Lena and Trig’s big old farmhouse was a twenty-minute drive away, although given how much time they’d spent at the beach house with Jared this week he could be forgiven for thinking them homeless. They were supposed to be on their honeymoon, for heaven’s sake. A honeymoon that Lena had said they’d cut short because there was no place like home.
Jared hoped, for the umpteenth time, that they hadn’t cut it short because they’d wanted to keep an eye on him. They kept making excuses to drop by. Lena in particular wouldn’t stop hovering—which was rich, given how much she hated it whenever someone did that to her.
She had already been by this morning. She’d skipped out to the shops, because apparently Jared needed more food in the fridge, but she’d left Trig behind with Jared. Trig was currently out on the deck, examining his parachute, because apparently they were doing a jump just as soon as Jared’s ribs had healed.
Without physical challenge in his life, Jared got cranky, Trig had informed him blithely. And they needed to fix that.
Apparently a lot of things about Jared needed fixing.

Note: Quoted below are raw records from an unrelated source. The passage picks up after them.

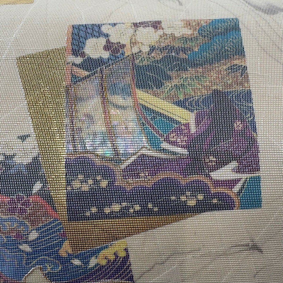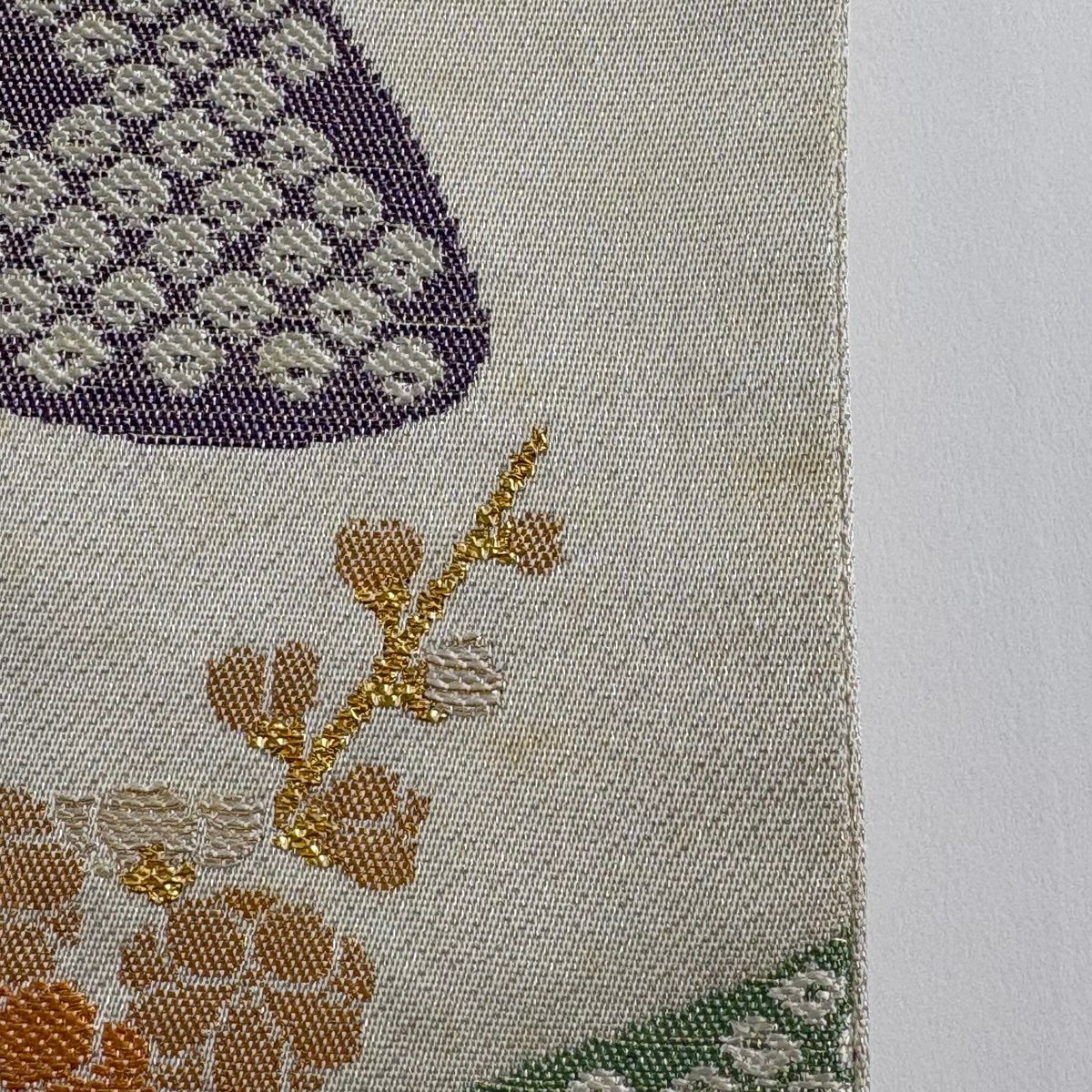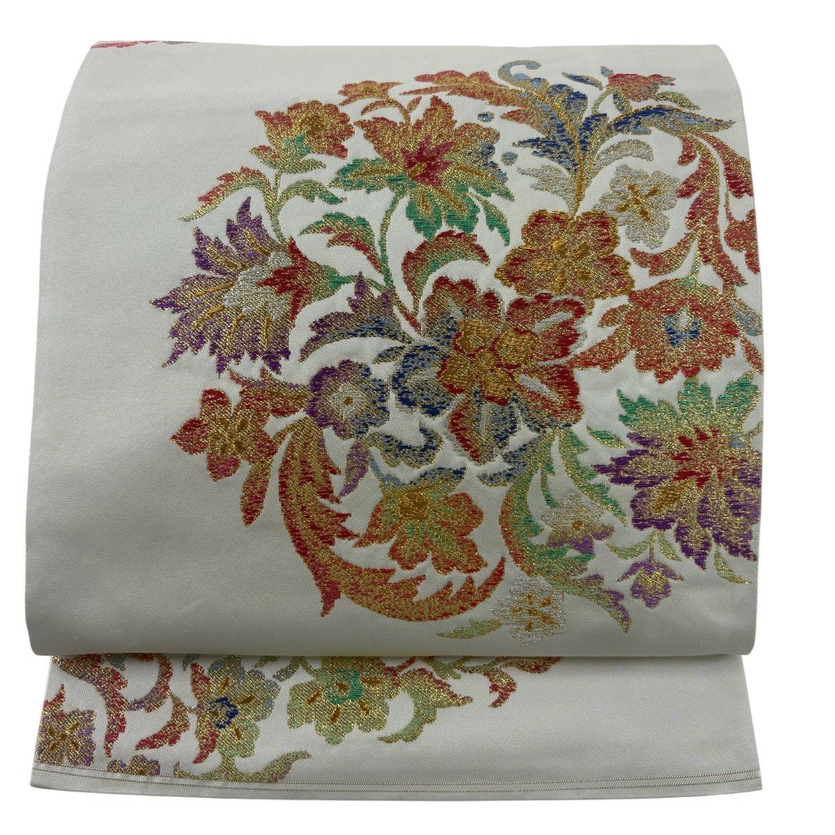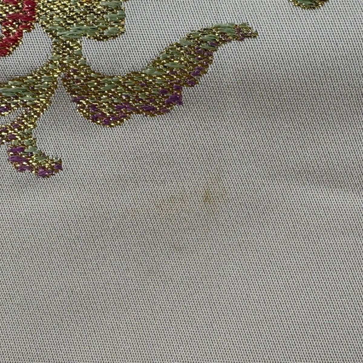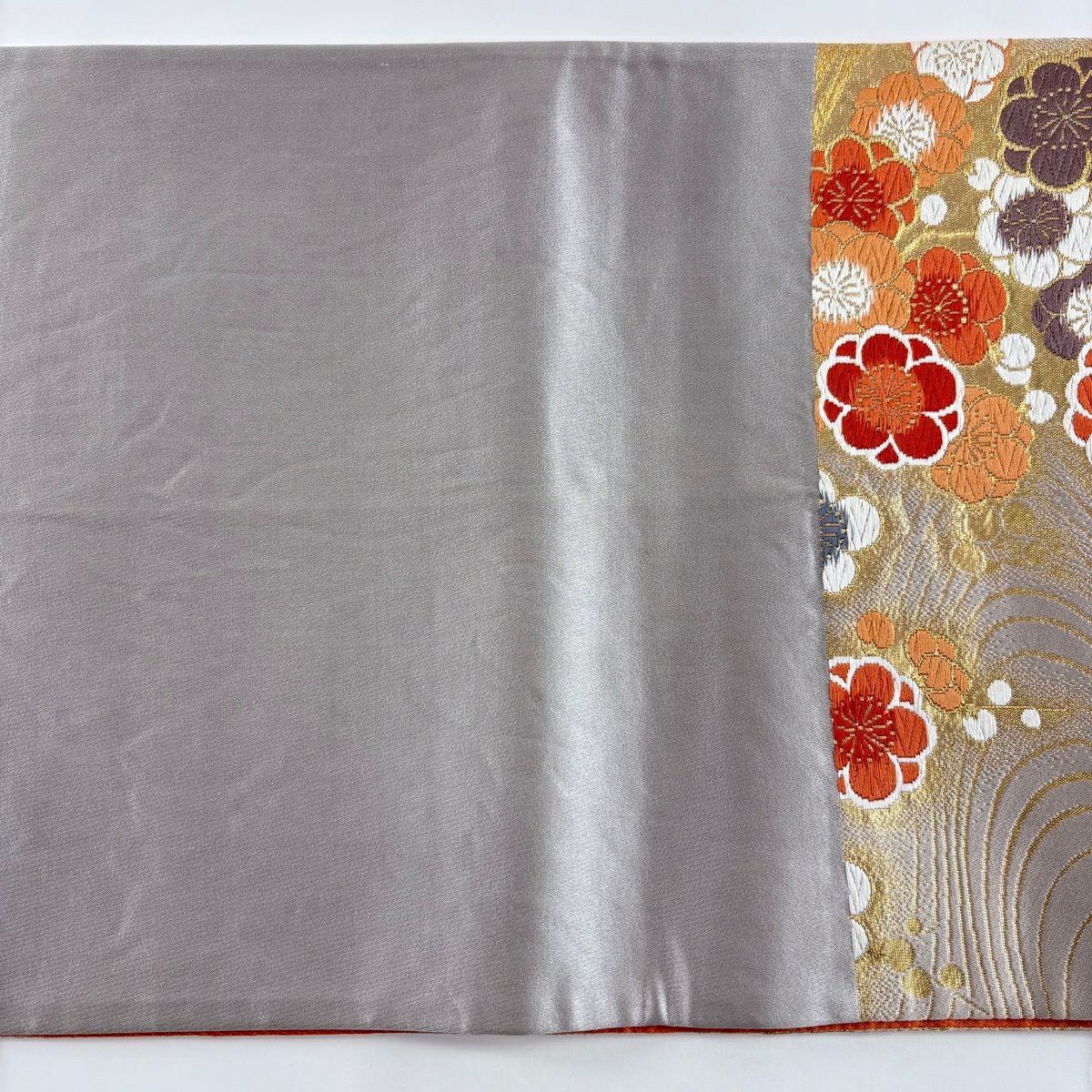 【美品】 袋帯 秀品 草花 波頭 金銀糸 箔 灰白 六通 正絹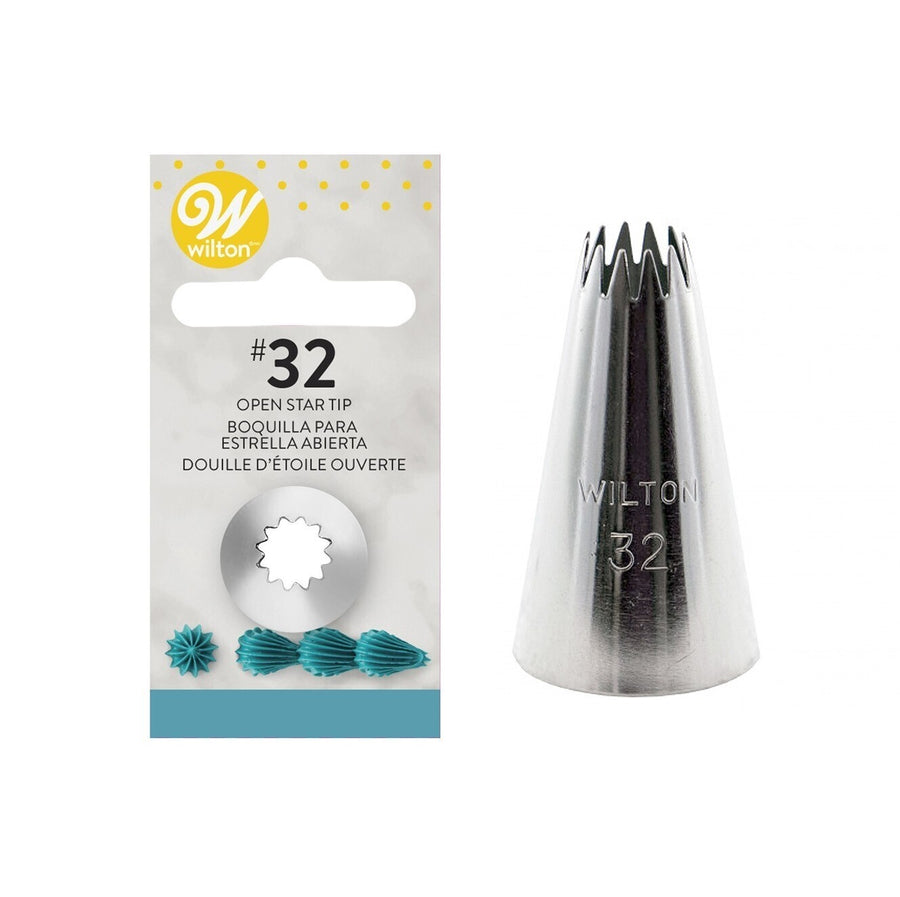 The Wilton 32 tip is a versatile open star piping nozzle that’s great for creating swirls, stars, rosettes, and borders on cakes, cupcakes, and cookies. It produces a clean, classic star shape and works well with buttercream, ganache, or whipped cream or any other airy icing!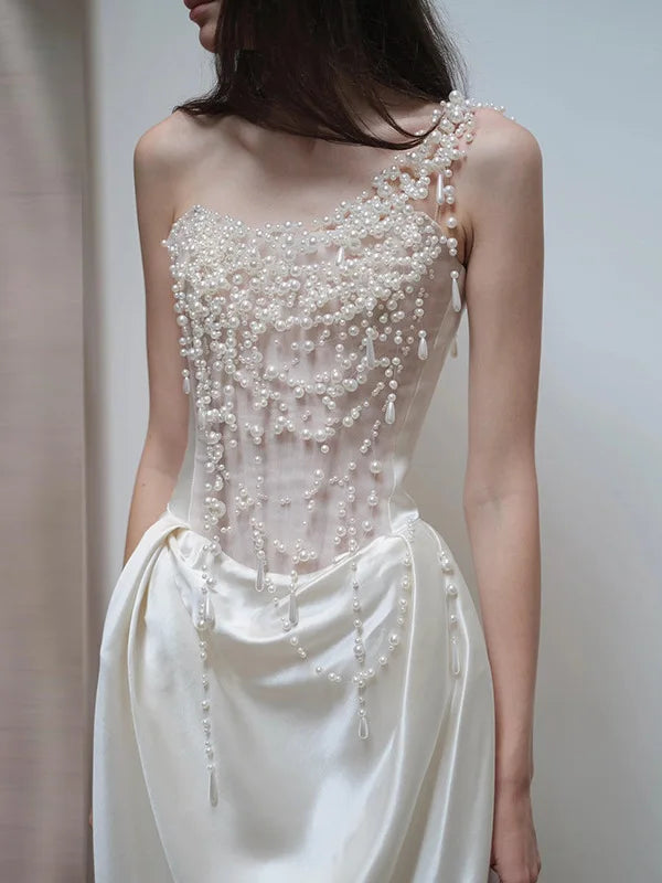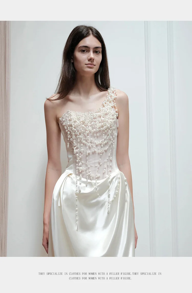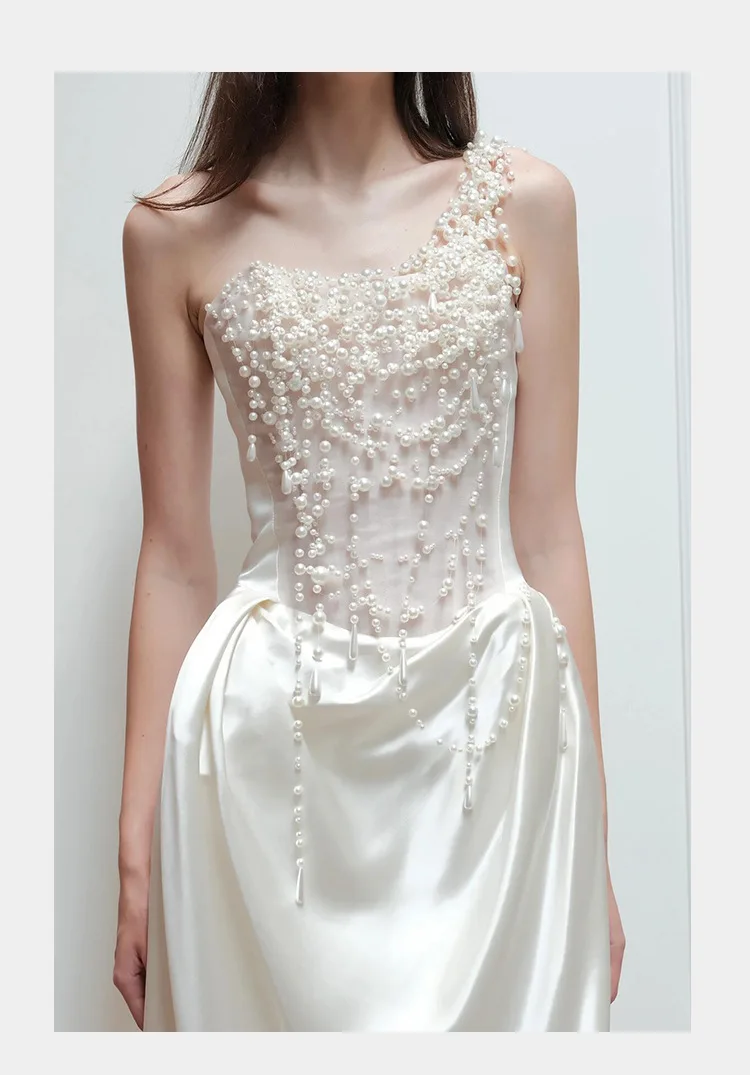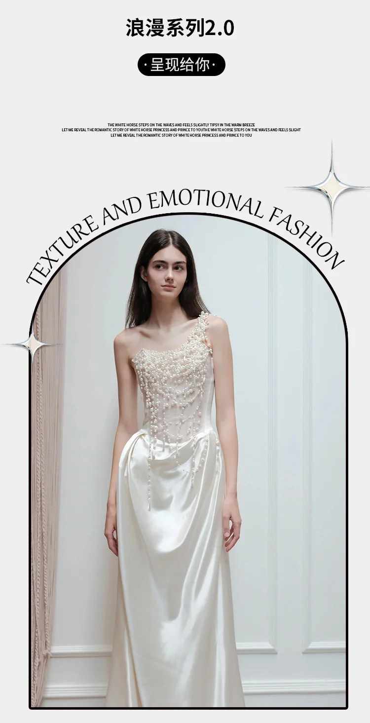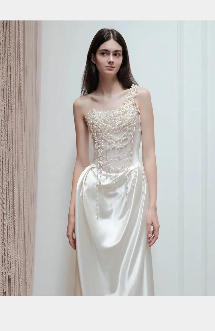 2025 French Strapless Evening Dress For Brides Niche Light Luxury Satin For Going Out Heavy Industry Pearl Light Wedding Dress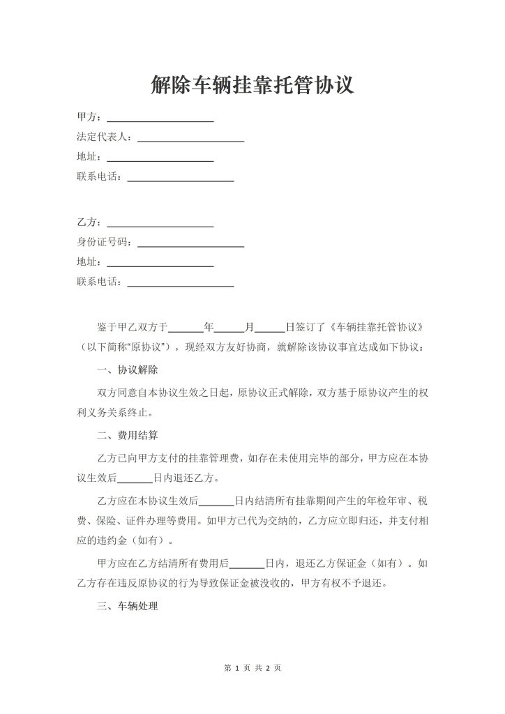 本合同模板为《解除车辆挂靠托管协议》,适用于由于甲乙双方此前签订了《车辆挂靠托管协议》,现经双方友好协商,就解除该协议事宜达成本协议。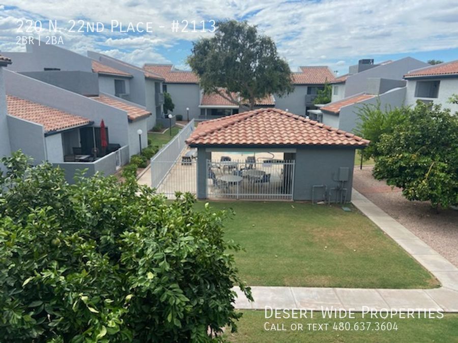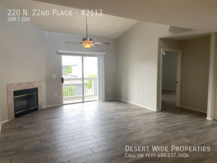 Stylish 2 bedroom upstairs condo with soaring vaulted ceilings. Spacious great room with fireplace overlooking community pool and common area just off the private patio. Washer & dryer included & indoors. Remodeled primary shower with popular gray toned tiles. New wood look tiles throughout condo & designer 2 tone paint with gray walls. Kitchen complete with new SS appliances & newer HVAC. Lots of light and space. Bonus: water, sewer & trash included! This property is offered by Desertwide Properties Group, Brokered by Southwest Property Sales & Leasing. We require that all applicants tour the property before applying. The Security Deposit must be given within 24 hours of approval. If applicant does not occupy the property, the deposit will be retained by the owner to recover loss of rental funds and re-advertising costs. Application fee $65.00 non-refundable. $395 Admin fee, $85.00 re-key fee, 2.9% monthly service fee. Refundable Security deposit is 80% of the monthly rent with remaining 20% a cleaning deposit/fee. Half of cleaning deposit is non-refundable. Pet screening is required for all lease applications. Pet deposits and service fees may apply and to be determined by third-party screening, per our states pet policy. $25.00 A Month Pet Rent On Top Of Regular Rental Amount $300 Refundable Pet Deposit 1 Small Pet With Owner Approval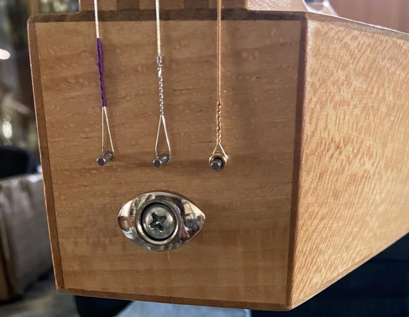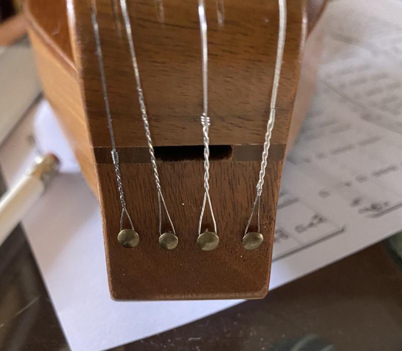 I have studied the contruction of the McSpadden and hopefully the construction blocks remained the same from the 70's to now. Sounding on the toe indicates a possible space however so I will drill a micro hole into that tomorrow. The neck is solid but I think I might use a slip strap on that if it will feed under the strings. The Scroll head has some spacing differences from the new scrolls. Will check further tomorrow and still may drill it. Have measured, sounded, scoped there is a full block on both ends. Drawing up diagrams now for placement. It is going to be within millimeters, to miss a "stay" or something more solid in the neck, and not overshoot the block on the base, while still accessing the hitch pins. And I am using oval buttons. Now if I only had an xray.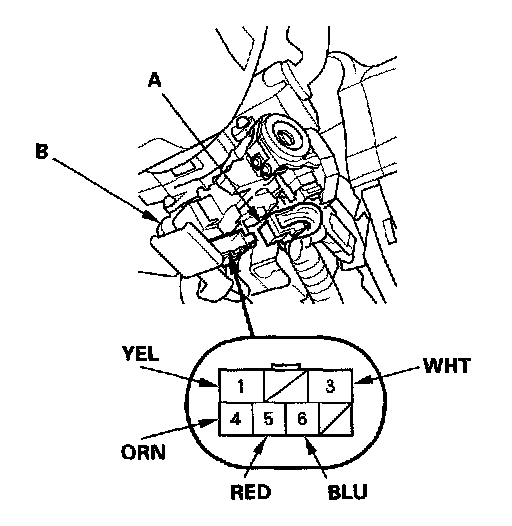 4. Disconnect the 7P connector (A) from the ignition switch (B).

Jared glared afresh at the psych report in his hand. His psych report, fresh off the back of his debrief. A normal person probably wouldn’t have asked his brother to swipe a psych report from the secure ASIS databanks, but to Jared’s way of thinking that was what genius younger brothers were for.
It had been three days since Rowan Farringdon had called him in to her office and asked him what he needed in order to finish the job. Three days and now he was on leave for two weeks—thinking about his future, trying to settle into the ‘now’ and going quietly out of his mind.
‘Who writes these delusional masterpieces anyway?’ he asked Trig.
‘Psychiatrists.’ Trig looked up from the parachute spread out before him, eyes narrowed as he took in Jared’s scowl. ‘Stop obsessing.’